By forming a cavity in the fixed die, the space is used as much as is possible, and, in addition, a smaller amount of toughened material is needed for the fixed die, which reduces the cost.
The rotary die is preferably mounted in bearings with a certain axial play. This play allows some thermal expansion of the rotating die without causing any jamming.
The rotary die may be fixedly arranged on a shaft mounted in bearings in the cavity, the shaft having a limited axial play. Thus, owing to this construction the shaft is axially guided by the rotary die. Since the shaft and its bearings are arranged in the fixed die, this constitutes a unit in which the rotary die is arranged, the unit being easily replaceable. Moreover, the shaft may be relatively short, which results in a favourable load take-up capacity and less load on the bearings.
A shaft portion extending through the rotary die can be made of a material with a higher thermal expansion coefficient than the rotary die, so that said shaft portion, when the rotary die and the shaft are heated during pressing, expands more than the rotary die, which is thereby secured to the shaft. By using this technique to secure the rotary die, the need for securing elements in the shaft and the die is eliminated.
The opening preferably comprises a recess in the fixed die on the upstream side, which is intended to cause a first cross-sectional reduction of the material, the recess being substantially formed on the side of the opening opposite to the cavity. By forming the recess in this way, there is less stress on the fixed die at the cavity in which the rotary die is arranged. In a traditional type of tool, where the corresponding recess usually is symmetrical, the material around the cavity may become too thin.
According to a second aspect of the invention, the device further comprises means for varying the cross-sectional area immediately upstream of the rotary die. In other words, the fixed die is arranged to have an opening with a variable cross section. Thus, the amount of material pressed against the rotary die may be varied, suitably according to the shape of the rotary die.
The peripheral surface of the rotary die may, for example, present sectors with varying radius, which permits pressing of sections with varying cross-sectional area.
By "peripheral surface" is here meant the normally circular-cylindrical surface in which different kinds of recesses or protrusions have been made for forming the sections, for example the surface that is made up by the pitch radius of a gear wheel. The fact that the radius of the peripheral surface varies could mean, for example, an oval-shaped die (such as a gear wheel with varying pitch radius), or that the shaft is arranged in connection with the rotary die slightly offset relative to the centre of the die. This would result in a section, whose continuous material thickness would vary cyclically, which is desirable when manufacturing a beam with varying strength.

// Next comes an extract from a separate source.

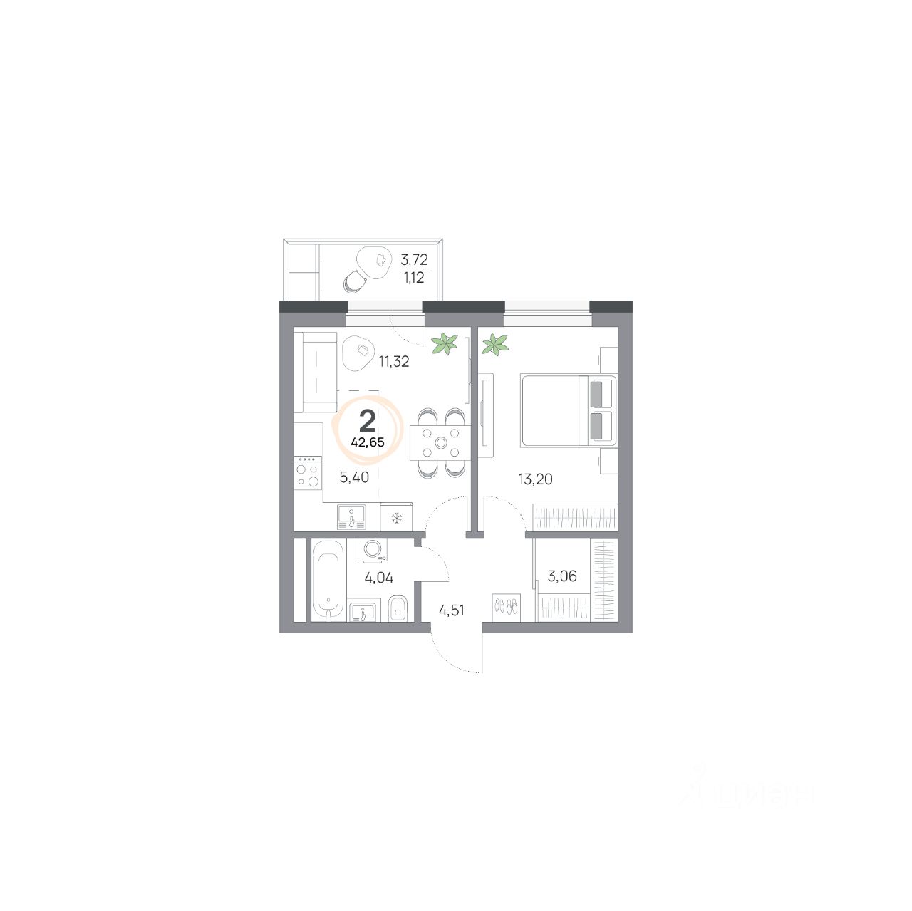 2-комнатная квартира, 42.65кв.м., 8 этаж
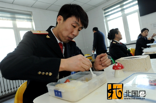 午餐時(shí)間到了,“牛三多”狼吞虎咽地吃完后返回售票崗位。他說(shuō),這樣可以讓其他職工多休息一會(huì)兒。

The means for varying the cross-sectional area are suitably synchronised with the rotary die and may consist of supporting surfaces moveable transversely of the pressing direction.
According to a third aspect of the invention, the rotary die is arranged to be lockable in a predetermined position. Thus, the rotary, moveable die may be locked, and thereby essentially converted into a fixed die. Pressing may now take place, either by passing one rotary-die or by passing one or more fixed dies, which offers improved possibilities of varying the pressed sections.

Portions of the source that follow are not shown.